THE MATCH OF THE MORNING: One of our top doubles team of Calvin and Tom Mackessy were down 2-6, 2-5 to Byron Miller and rookie Matt ___ (friend of Lenny Saltzman from Chicago). Things got very interesting when our Wankers got the MO and won five consecutive games to take the second set and bring it to a 10 point Champion’s tie breaker.
Our guys carried the MO foreword and stormed out to a commanding (?) 8-3 lead. The next point was a long one, which ended with our guys netting a volley that would have given us 9-3, six match points on the changeover. But the fickle Mr. MO switched sides as the opponents won five points in a row to tie it at 8-8. We won the next point and had a match point … not converted. And the Dunnies prevailed in the end 11-9.
John Berry and his partner, playing for the Dunnies, outlasted our Jack Valenti and Mark Benjamin.
The morning’s results were tied at 9-9 and it came down to another Champion’s tie break at one of the mid doubles matches with our Ron Smith and Marc Wilner vs. the Dunnies Baby Doc Robert Eden and Greg Seals. Unfortunately the Dunnies prevailed and took a 10-9 lead to lunch with them.
In the afternoon doubles, I again teamed with Terry Long at #4 vs. my singles opponent from the morning and an even younger and even bigger (6’7”) Josh ___ from Boston. We could get nothing over or through them; and lost a hard fought straight set loss.
The rest of our team also went down for a 17-14 match loss for the day; while Newk’s Kangaroos edged out a 17-15 victory over the Davidson/ Case/ Jensen Dunnies. So going into the final day, we are at
• Newk’s Kangaroos: 2-0
• Emmo/Reissen/Gottfried Wankers: 1-1
• Stolle/Stockton/Woodforde Dunnies: 1-1
• Davo/Case/Jensen Musclemen: 0-2
Our Wanker team plays Newk’s on the final day of play; and if we win (and the Dunnies lose), we win based on head-to-head victories. If we win and the Dunnies also win, then we will have the Champion’s tie breaker three-way playoff that we had in 2009, when we won it all.

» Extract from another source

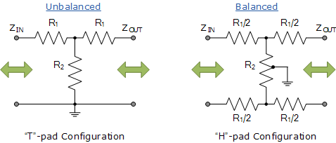 T-패드 감쇠기는 구성 이 문자 "T"와 비슷하기 때문에 그렇게 불립니다. "T-패드 감쇠기"는 동일한 임피던스 간의 감쇠 또는 불평등한 임피던스 간의 임피던스 매칭에 사용할 수 있는 대칭형 감쇠기입니다. 감쇠가 높으면 병렬 션트 암 임피던스가 작아집니다. T-패드 감쇠기 에 해당하는 밸런스드 제품을 H-패드 감쇠기 라고 합니다 .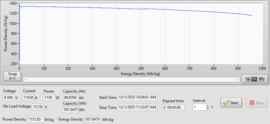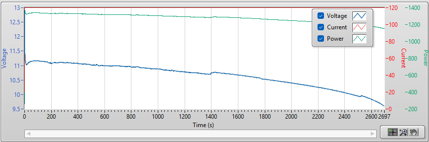 120A to 9.60V | Duration 00:45:06 2697s 89Ah 957Wh |

With my morning singles and afternoon doubles now done (in more ways than one), I had my Fantasy Doubles match to play as my third match of the day. They put me on the court opposite injured Willy Hoffmann; and our two pros were Murphy Jensen and Brian Gottfried.

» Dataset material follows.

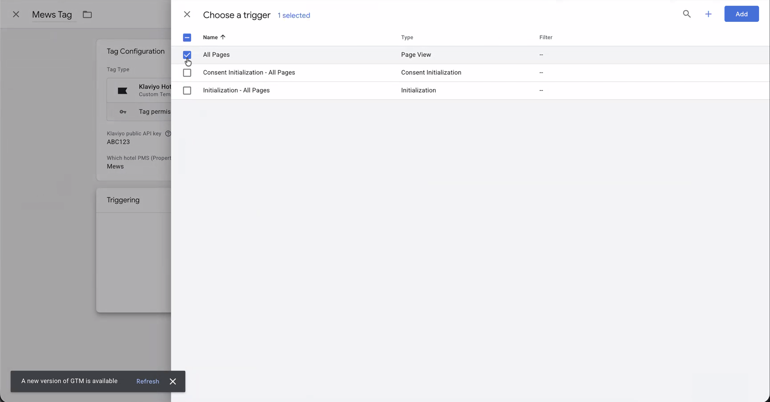 Klaviyo 호텔 트래킹).태그 구성을 클릭하고 방금 추가한 Klaviyo 호텔 태그를 선택합니다.

Brian asked how we wanted to team up; and I responded, “Do you want to play with a tired George or an injured Willy?” He said, “Tired goes away; so I will take you.”
We had a very close 6-4 set that we finished up at 7 p.m. under the lights; and Brian and I survived to give me one victory for the day.
My Naples Mates did better: Willy played well in the morning, won his singles but lost his afternoon doubles. Rich Tarantino won both morning and afternoon. And John Berry won THREE times: morning, afternoon, plus his fantasy match against Fred Stolle.
After a Mexican night dinner, there was a tribute to the great Rod Laver, who among many of the Aussies, is still considered the greatest player ever! Then Charlie Pasarell discussed the status of the game today – and the players “request” for a larger prize money pool from the Grand Slams.
On the way out of the dining room, we were all given large photo-posters with all the legends pictures and hand-signed by all of them.
Then the annual Australian Boat Race (the team beer chugging competition) was held in between innings of the World Series; but I am in my room writing this. I would assume it was won, as usual, by Newk’s ‘very experienced’ combined Kangaroo/Wanker team.
Off to bed for rest before the final day of team matches, dreaming of a three-way tie and sudden-death tie breaker playoffs.